You can easily diffuse the flow with wood etc in the tank. 

cheers Darrel


----------



## Tucker90 (22 Jan 2019)

dw1305 said:


> Hi all, I probably wouldn't. You are really better off not having any fine mechanical media in the filter itself.
> 
> The reason is to do with with the limits on nitrification imposed by slow flow and low oxygen levels. Have a look at <"Filter cleaning...">
> 
> ...



Thanks Darrel, 

I’ll just have to wait and see! Got the hoses on order so when they arrive I’ll see what it’s like!

Just don’t want the tank looking like rapids! 

Just out of curiosity what foam would you recommend? 


Sent from my iPhone using Tapatalk


----------



## Millns84 (22 Jan 2019)

I'd get a set of pond foams to cut to size.

All Pond Solutions sell sets of three different grades, as do Finest Filters and even Maidenhead Aquatics if you've got one nearby.

I use them in all my canisters and it ends up loads cheaper than foams from the manufacturer.


----------



## Tucker90 (23 Jan 2019)

Perfect! Found these on fleabay which seem reasonable, ordered some k1 media as well! 






And found this recommendation from the filter manual, I’m not adding charcoal so will just add more k1 to it! 






As for the litre per hour on this filter, when you read the manual it states that the filter produces 800LPH without any media at all.

Therefore by the time I’ve filled it with media and put lily pipes on I think it will reduce it considerably! 

Thanks for all your help buddy! 

Really appreciated 

Thom 



Sent from my iPhone using Tapatalk


----------



## Konsa (23 Jan 2019)

Hi
I would not worry too much about it.I don't think 800l/h is ovwrkill in 50l tank.I run 2 filters on my 70l one Tetratech 600l/h and one internal 600l/h for polishing water as have messy fish.The other tank 125l I have JBL e1501 1400l/h and Eheim skimmer 350l/h all filters in tanks on full blast and flow just right.
Depending on hardscape and plants U will get significant flow reduction once they grow in.As Darrel said I will keep away from fine media.If U want tho impede flow just stuff it with ceramic (sintered glass) this has more drag to it than sponges and doesn't clog.If I want optimum flow I use coarse sponge and very little ceramics in my filters.
I dont agree with the recommended filter setup in the pic.If the water comes from bottom up It is good to have coarse sponge first,then medium sponge, then bio media and any chemical media(carbon,purigen) last.Its also good to think about sponge prefilter on the intake.U can rince it weekly on maintainance day and the filter will stay clean for months on end.
Regards Konsa


----------



## Zedan (23 Jan 2019)

Generally these filters run much slower in operation, especially after some crud has built up in the filter. It also depends on what you have in the tank. A betta wouldn't be too happy but many schooling fish enjoy riding currents


----------



## dw1305 (23 Jan 2019)

Hi all,





Tucker90 said:


> Just out of curiosity what foam would you recommend?


No finer than PPI20.





Millns84 said:


> I'd get a set of pond foams to cut to size.
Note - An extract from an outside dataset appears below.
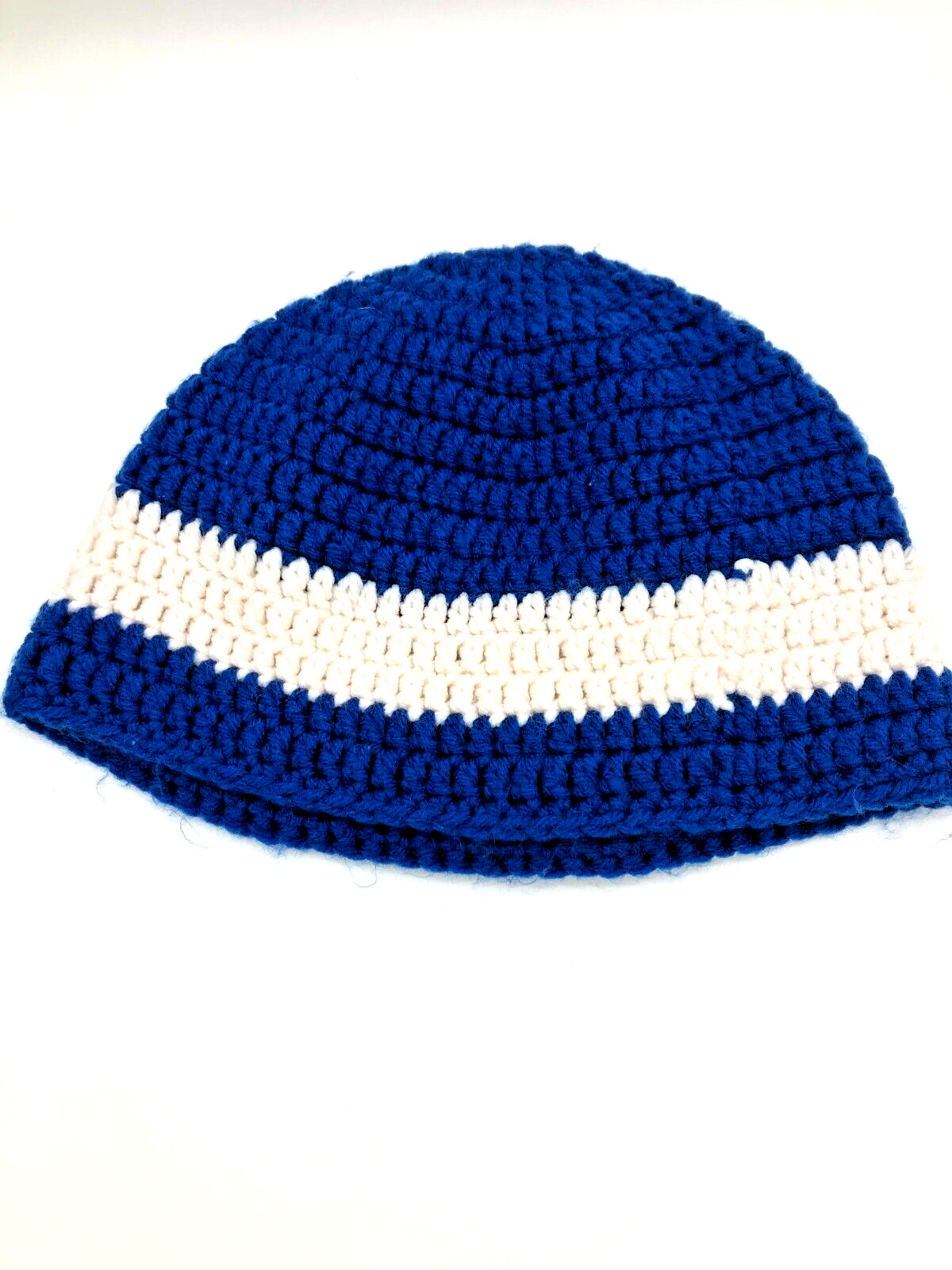 как выглядит 2 Handmade Knitted Colorado Flag Colored Beanie Hats Pom Blue White Red Yellow фото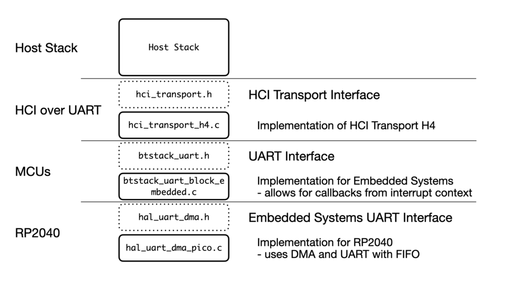 As the CYW20820 provides an HCI UART interface, we use BTstack’s hci_transport_h4.c implementation, which handles the framing and parsing of HCI packets over a serial connection like a UART. hci_transport_h4.c in turn requires an instance of btstack_uart.h to send and receive blocks of data to the Controller.

I do this, but if you want longer lasting ones (but more expensive originally) the Poret type last almost indefinitely (I've got some that are ~15 years old). There is a guy on ebay who sells them "greenpikeman", the listing is <"HMF. Hamburg filter mat sponge. different sizes and grades ppi 10, ppi20, ppi30"> 





Tucker90 said:


> And found this recommendation from the filter manual, I’m not adding charcoal so will just add more k1 to it!


I've used <"K1 type media in a canister filter">





Konsa said:


> I dont agree with the recommended filter setup in the pic.If the water comes from bottom up It is good to have coarse sponge first,then medium sponge, then bio media and any chemical media(carbon,purigen) last.Its also good to think about sponge prefilter on the intake.U can rince it weekly on maintainance day and the filter will stay clean for months on end.


I'm with @Konsa, the media set-ups from the manufacturers are usually "interesting" and have much more to do with selling you new replacement sponges etc. than they do with the efficient running of the filter.  This filter set-up might be intended for a non-planted tank, where phosphate levels might build, and you might want to attempt simultaneous <"nitrification / denitrification"> in the filter (although I wouldn't ever)  

Personally I'd definitely leave out the <"filter wool">, the phosphate pad and the fine sponge, none of them offers any advantage, and the <"phosphate pad">, if it worked, <"would inhibit plant growth">. These are some <"activated carbon/charcoal"> comments.  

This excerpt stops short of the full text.